How severe does this issue affect your experience of using Ray?
Medium: It contributes to significant difficulty to complete my task, but I can work around it.
If I have 200 jobs to run, 100 A jobs and 100 B jobs, both require 1 GPU per job. each B has a corresponding pre-requisite A job to finish first. Say I have 10 GPUs in total. Is there any mechanism to make sure that the gpu resources are not idle? In the extreme case, that ray takes all 10 GPUs and assign to B, but B can’t begin since the corresponding As are not finished yet?
Assuming the way I submit job is regardless of job priorities and dependencies, just throw them all to ray cluster all together without ordering
This should just work out of the box.
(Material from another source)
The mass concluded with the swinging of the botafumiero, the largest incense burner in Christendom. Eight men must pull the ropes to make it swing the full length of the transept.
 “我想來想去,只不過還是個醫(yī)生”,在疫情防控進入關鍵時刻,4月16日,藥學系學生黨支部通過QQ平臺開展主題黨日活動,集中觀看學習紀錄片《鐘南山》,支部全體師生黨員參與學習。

Ray automatically schedules a new task if there’s the resource availability. So when one task (either A or B) is done, it should schedule the next task. Unless your task B requires multiple A to be done, your GPU should be always fully used unless there’s less than 10 tasks left from the cluster.
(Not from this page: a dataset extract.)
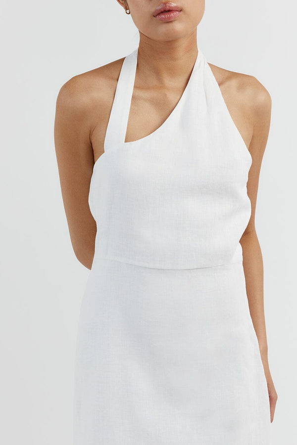 ZOEY WHITE ASYM LINEN MINI DRESS
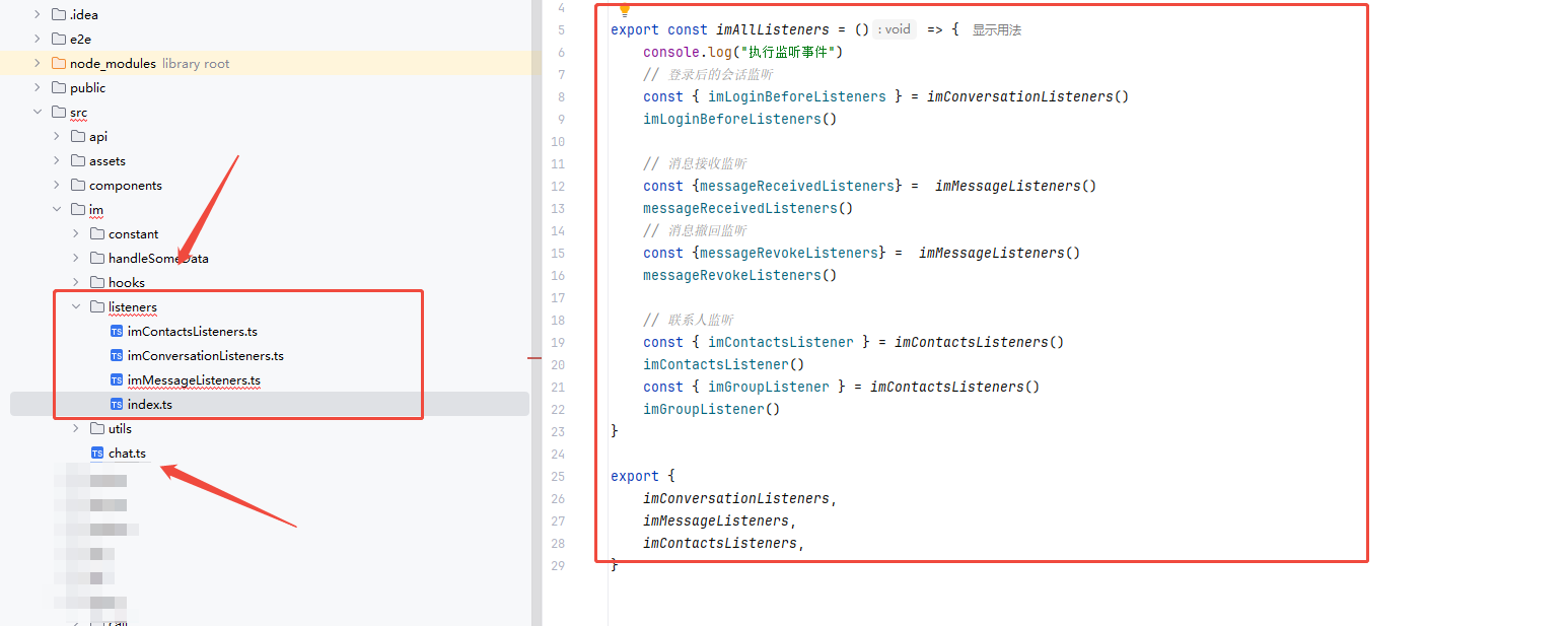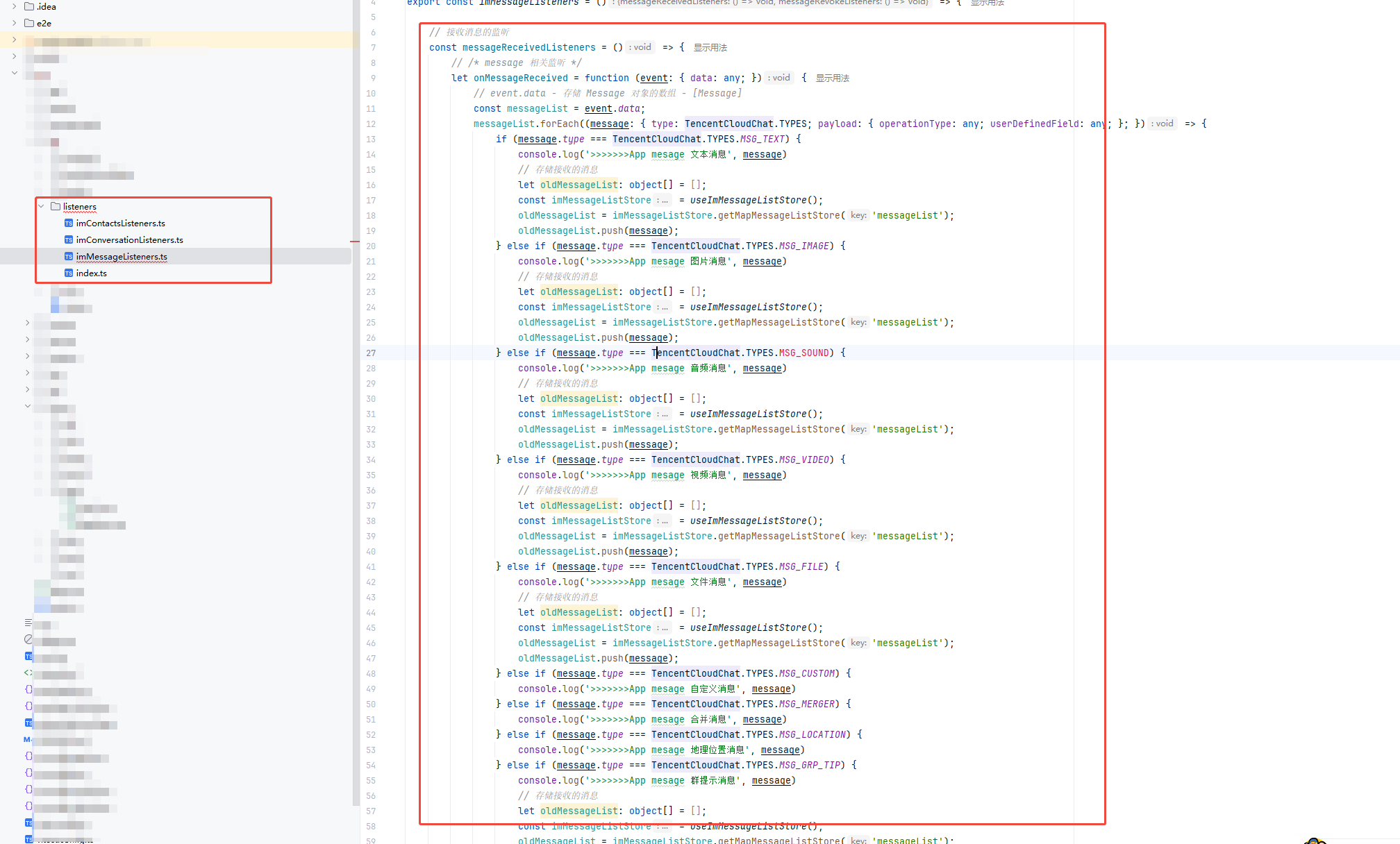 2、要在项目开发之处就要通过IM的监听事件,全局初始化监听,并且是在IM的登录之前就引入监听事件,否则经常出现,明明自己使用了IM的监听事件,但是接收不到消息参考下文。

Hmm that code is not executable? I just would like to emphasize that if the reference is passed to other remote task, those tasks are not scheduled until the upstream dependency is completed. Like
a_ref = a.remote()
# In this case, b wouldn't be scheduled until a is completed
b_ref = b.remote(a_ref)
Thanks, but how does ray know b is dependent on a?
If it runs b without a, it can run okay without any error (though it didn’t run the code of do_something_in_b)